Your goal
Word for word, restate the listing that follows and leave out the images.

Stored data
************

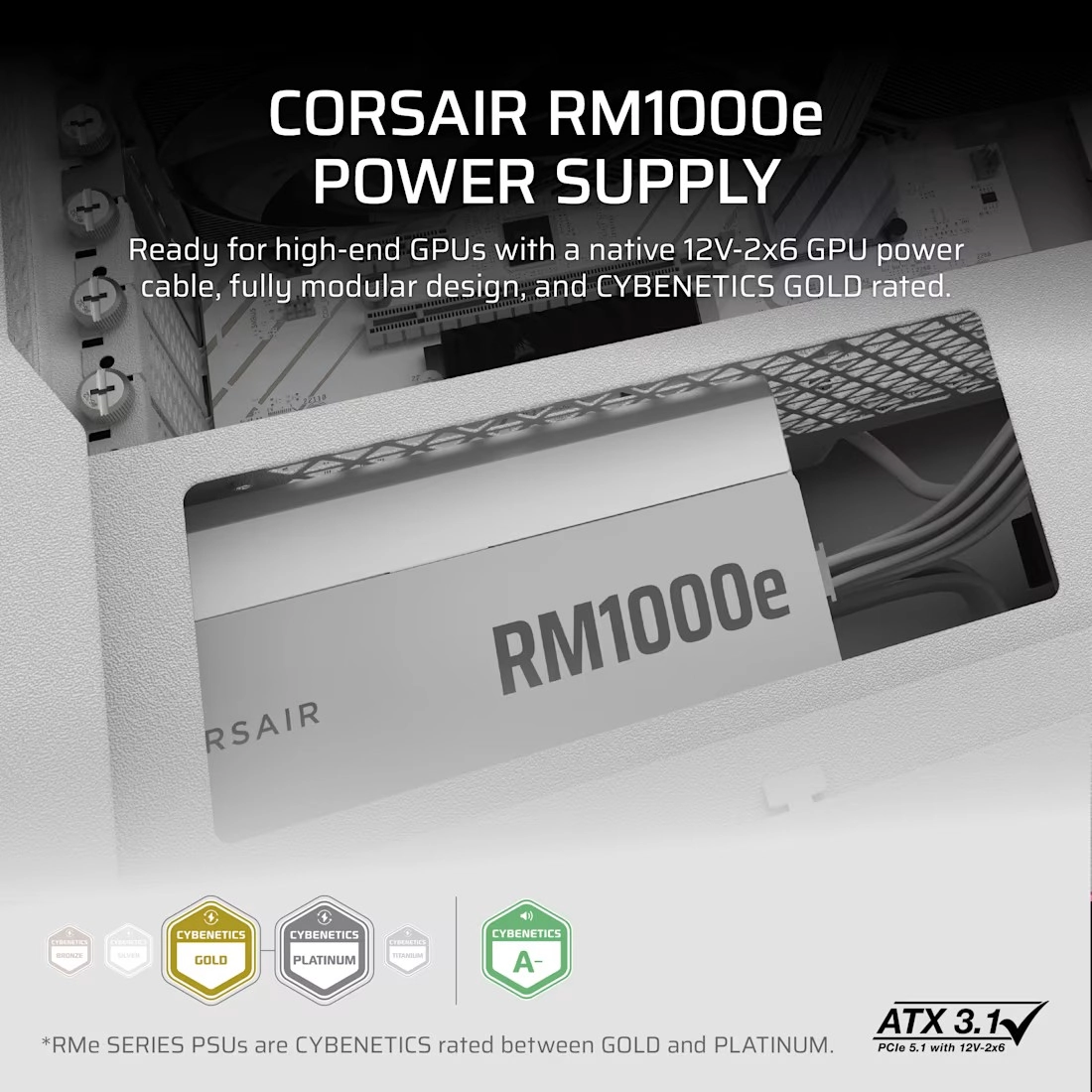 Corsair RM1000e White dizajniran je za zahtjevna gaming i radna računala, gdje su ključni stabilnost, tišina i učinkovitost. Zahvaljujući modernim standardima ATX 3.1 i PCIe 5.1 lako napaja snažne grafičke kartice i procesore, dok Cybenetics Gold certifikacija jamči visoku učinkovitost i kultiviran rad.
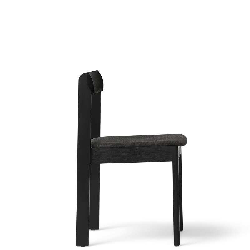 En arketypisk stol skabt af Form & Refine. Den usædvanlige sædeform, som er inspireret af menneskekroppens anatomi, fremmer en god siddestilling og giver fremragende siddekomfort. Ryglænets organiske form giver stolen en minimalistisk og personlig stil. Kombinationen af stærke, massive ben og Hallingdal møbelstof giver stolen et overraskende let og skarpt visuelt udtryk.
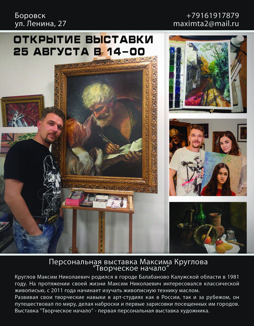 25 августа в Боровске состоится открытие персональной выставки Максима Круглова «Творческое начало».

************

Task answer
 Corsair RM1000e White dizajniran je za zahtjevna gaming i radna računala, gdje su ključni stabilnost, tišina i učinkovitost. Zahvaljujući modernim standardima ATX 3.1 i PCIe 5.1 lako napaja snažne grafičke kartice i procesore, dok Cybenetics Gold certifikacija jamči visoku učinkovitost i kultiviran rad.
 En arketypisk stol skabt af Form & Refine. Den usædvanlige sædeform, som er inspireret af menneskekroppens anatomi, fremmer en god siddestilling og giver fremragende siddekomfort. Ryglænets organiske form giver stolen en minimalistisk og personlig stil. Kombinationen af stærke, massive ben og Hallingdal møbelstof giver stolen et overraskende let og skarpt visuelt udtryk.
 25 августа в Боровске состоится открытие персональной выставки Максима Круглова «Творческое начало».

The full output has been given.